Abstract
Keywords: aerodynamics, wheel, flow field
The aerodynamics regarding to road vehicles plays a crucial role recently, as aerodynamic drag influences fuel consumption, and thus pollutant emission significantly. To find the optimal vehicle shapes besides keeping the overall style of the individual cars, the aerodynamic possibilities to reduce drag seem to reach their limits in terms of body shape optimization. Basic low-drag body shapes were developed during the last few decades and following the age of invisible aerodynamic optimization of high-drag-looking, but well styled vehicles (Hucho, 1998). The effect of rotating wheels exposed to a free stream, or being partially covered by the car wheelhouse, leads to a dramatic increase in drag coefficient through mechanisms that are still not fully understood.
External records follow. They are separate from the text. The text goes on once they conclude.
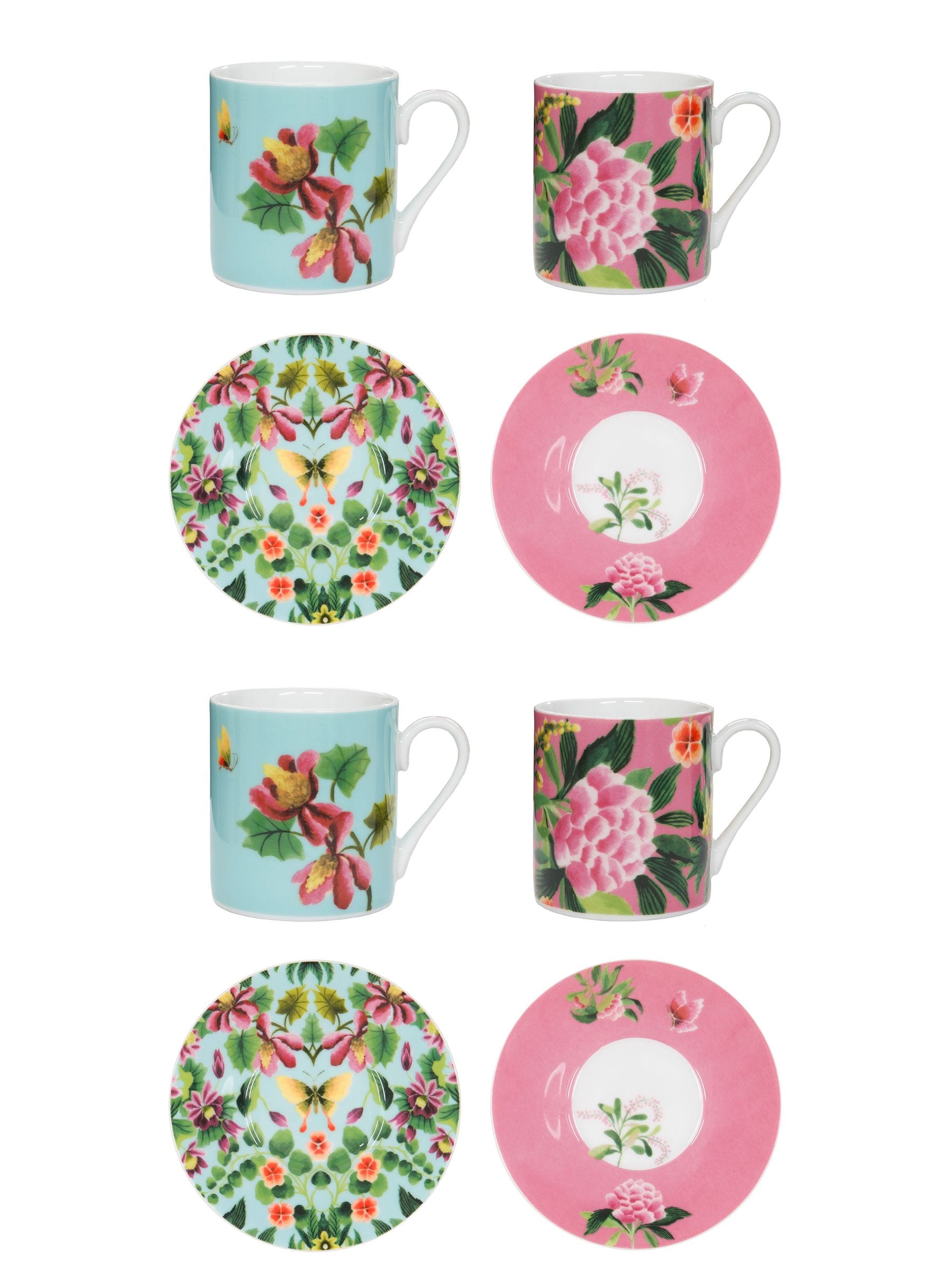 A stunning espresso cup and saucers set featuring our floral Ikebana design to add a touch of vibrant pattern and colour to your dining scheme. Two unique sets packaged in a decorative giftbox. Part of an exquisite range of luxurious contemporary porcelain tableware. Dishwasher and microwave safe. Espresso cup holds up to 90ml, saucer 12cm diameter.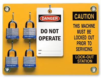 -. Title : Individual Lockout Station Kit - Each station includes 4 blue bumper padlocks and 25 DO, 12" x 9"
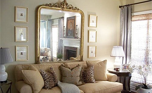 Зеркало за диваном может быть вертикальным. В таком случае для завершения композиции можно добавить картины по бокам.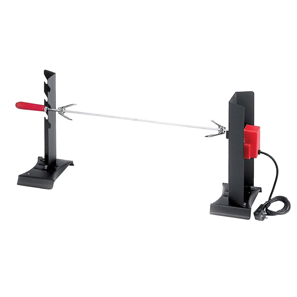 Set of skewers for baking, equipped with 2 side supports made of metal material for holding the skewers during baking. Set includes side supports 2 pieces, skewer rod 70 cm, electric motor, side meat clamps. Suitable for roasting, chicken, poultry, etc.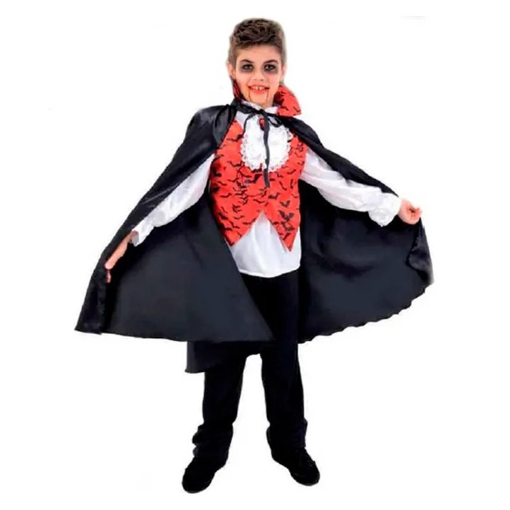 Fantasia Vampiro Infantil de Halloween Conde Drácula Com Colete e Capa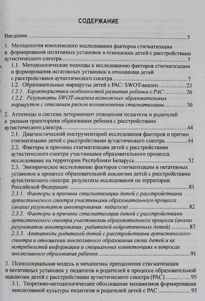 В монографии рассматривается психосоциальная модель преодоления стигматизации и негативных установок у педагогов и родителей в процессе образовательной инклюзии детей с расстройствами аутистического спектра (РАС), предлагаются механизмы и инструменты ее реализации. Предложен диагностический инструментарий исследования факторов и причин стигматизации детей с РАС, а также инклюзивной культуры родителей, воспитывающих детей с РАС, и педагогов, работающих с данной категорией детей.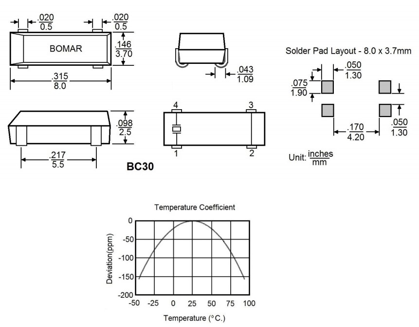 8038mm,BC30CCI112.5-32.768K,32.768KHz,Bomar儀器設(shè)備晶振,BC30,移動(dòng)通訊晶振,美國(guó)進(jìn)口晶振,Bomar博馬爾晶振,型號(hào):BC30,編碼為:BC30CCI112.5-32.768K,精度:±20ppm,頻率為:32.768KHz,工作溫度范圍:-40℃至+85℃,負(fù)載:12.5pF,頻率穩(wěn)定性:±20ppm,小體積晶振尺寸:8.0x3.7x2.5mm陶瓷封裝,四腳貼片晶振,無源晶振,石英晶振,石英晶體諧振器,無鉛環(huán)保晶振,SMD石英晶體。具有超小型,輕薄型,良好的抗沖擊性和耐熱性。應(yīng)用程序包括:實(shí)時(shí)時(shí)鐘晶振,移動(dòng)通信晶振、芯片卡晶振、無線通信晶振,鐘表電子晶振,電腦主板晶振等應(yīng)用。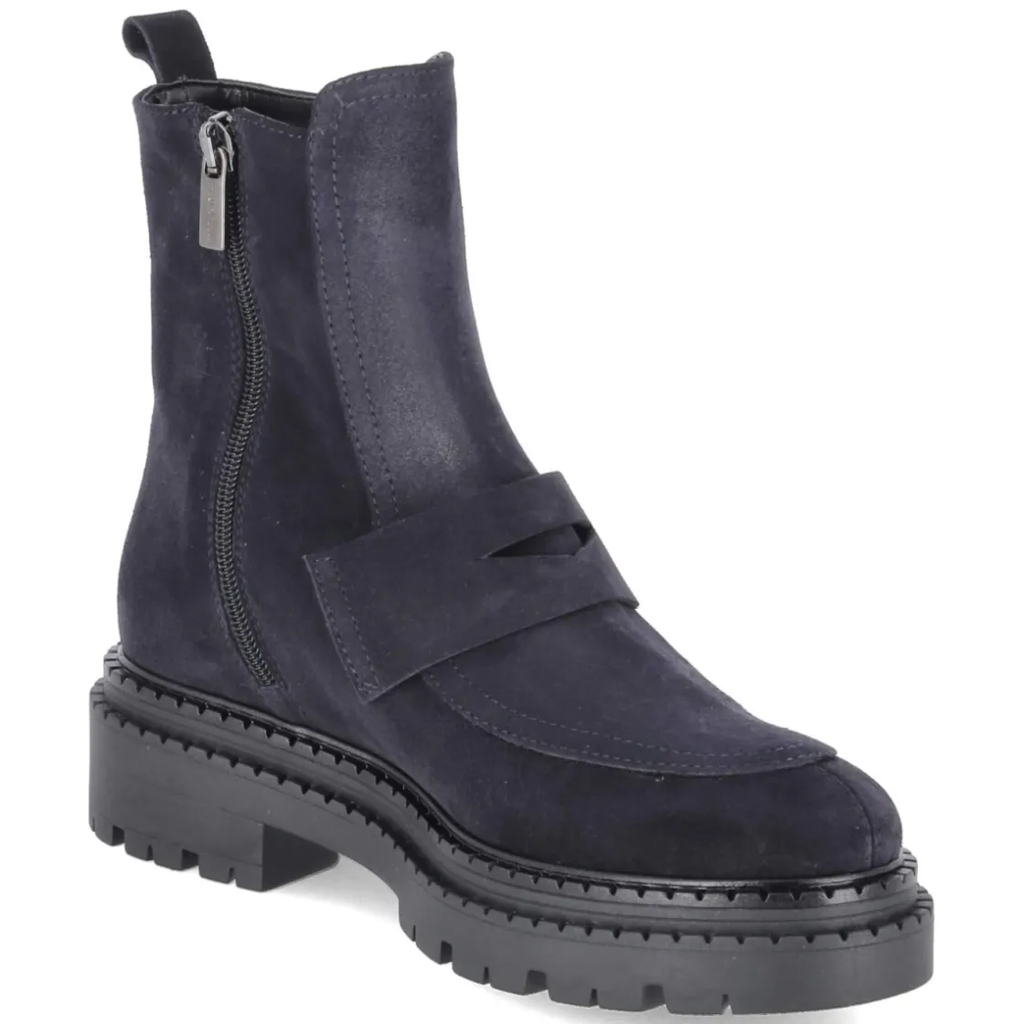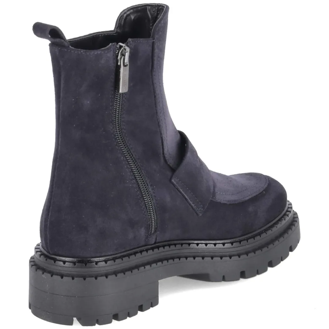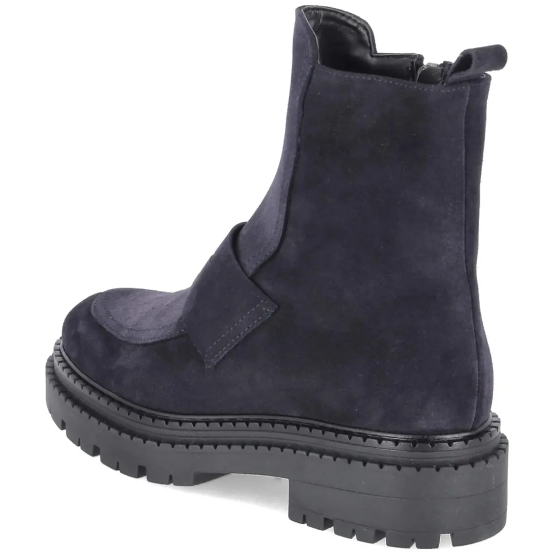 Die Kaerlek Stiefeletten in elegantem Dunkelblau vereinen zeitloses Design und komfortable Ausstattung. Das Obermaterial aus hochwertigem Rauleder und das langlebige Echtleder sorgen für eine edle Haptik, während die runde Spitze und der 4,5 cm hohe Blockabsatz ein feminines, alltagstaugliches Profil formen. Ein Reißverschluss und die praktische Anziehlasche ermöglichen einen unkomplizierten Einstieg, das leicht gepolsterte Fußbett bietet angenehme Dämpfung auch an längeren Tagen. Für sicheren Tritt steht die rutschhemmende Laufsohle, die auf glatteren Böden verlässliche Stabilität gibt. Die Ledersohle an der Innenseite unterstützt ein ausgeglichenes Fußklima. Ein Zierriemen über dem Spann setzt einen dezenten Akzent und unterstreicht den modernen Charakter. Größenhinweis: fällt normal aus. Modetipp: Dunkelblaue Stiefeletten harmonieren besonders schön mit cremefarbenem Strick und dunkelblauen Straight-Jeans, dazu ein kamelfarbener Mantel für einen weichen Kontrast.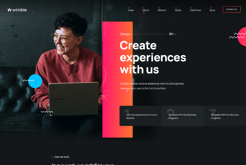 如果您知道要尋找什么,為您的企業選擇合適的模板并不難。對于商業和企業網站,請選擇一個模板,該模板將提供專業外觀以及核心功能,例如優雅地展示您的產品和服務、直觀的聯系表格、社交媒體集成、迷人的關于頁面,您可以在其中突出您的優勢和目標等。僅舉幾例,像Wimble、Floox和Revibe這樣的模板是任何機構和公司網站的絕佳選擇。

Also wheels influence mud deposition on the vehicle body (Lajos et al. 1984) and are important elements of the under-body flows (Wiedemann, 1996, Lajos, et al. 1988). The contribution of the wheels and wheelhouses to the total aerodynamic drag and lift of a modern car is around 30% and 40%, respectively (Wickern et al., 1995, Eloffson et al., 2002, Merker et al., 1992). Road vehicles, especially their wheels and wheelhouses are bluff bodies, characterized by large regions of flow field influenced by boundary layer separation. The resultant flow field is a complex, 3D flow field. The Reynolds number is in the order of 8 · 105, thus transition occurs far upstream from the wheelhouses so the flow is handled to be turbulent. The fluid can be regarded as incompressible and isothermal.